Because I forgot to do this earlier, here are all your extra pithy comments about the Week I Atlantic 11 teams.

1. Maryland

Before the flight to Maui, Coach Williams had to temper the players' expectations about the concept of getting leid upon arrival in Hawaii. (Markus Videnieks)

Greivis Vasquez can probably save himself some time and just start pricing apartments in Greece right now. (Jamie Paquette)

Place your bets now. When will the discussion about Greivis regretting not going in the draft begin? (Kevin O'Connor)

All you need to know about the state of things in College Park is that Ralph needs to hold a bake sale to fly to ACC games, while Gary's guys get a free trip to Maui. (Mike Berman)

2. Georgetown

Losing in the NIT's first round helped ensure the Hoyas were especially well rested for this undefeated start. (Kevin Carter)

Is the idea of the Princeton offense to score as many points as Princeton would? (John Albers)

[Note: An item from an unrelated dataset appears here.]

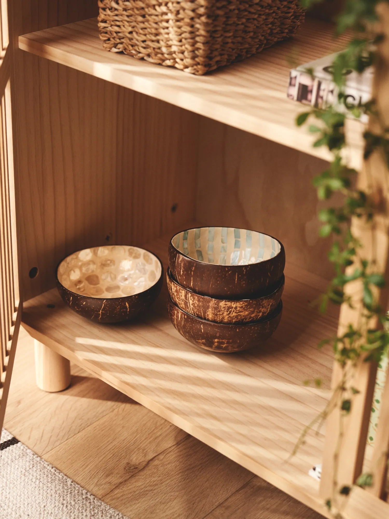 Søstrenes dekorative skål er lavet af naturlig kokosnød med et farverigt laklag på indersiden.Søstrene gør venligst opmærksom på, at da dette produkt er lavet med naturlig kokosnød, kan det variere en smule i størrelse, farve og udtryk. Skålen er heller ikke fødevaresikker og er udelukkende til dekorativ brug.
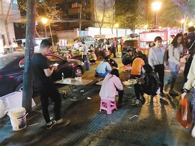4月1日晚8時許,記者來到交大街,蘭蒂斯城小區(qū)門前熱鬧不已。麻辣燙、砂鍋、炒面、餃子、餛飩、米線、臭豆腐……各種小吃應(yīng)有盡有,近20個小攤販把小區(qū)門前的人行道包圍得水泄不通。每個小吃攤都有不少食客,生意紅火的同時,地面上卻是一片狼藉。

Little Known Fact: "Georgetown Cupcake" named after early season schedule. (Ivan Snyder)

Wizznutzz-style Hoya incite: Greg Monroe Ficus eat rancid honeydew off VC floor, have fever dream that he is luv child of Strindberg and Jm. J. Bullock. Intern Dana had to admenistar emergncy half-smoke to revivify. (Jamie Paquette)

Is it just me or does JTIII desperately need a towel on the shoulder? (Josh Meredith)

I've heard Greg Monroe only came back so that he could attend the annual Georgetown-center Thanksgiving feast. Don't laugh. Jahidi White prepares an excellent Turducken. (Jack Lambert)

The Sherms must have been running the Georgetown offense against Temple. (Tim Fincham)

Sad to see the conclusion of the epic home-and-home series with Savannah State. (Matt Kelly)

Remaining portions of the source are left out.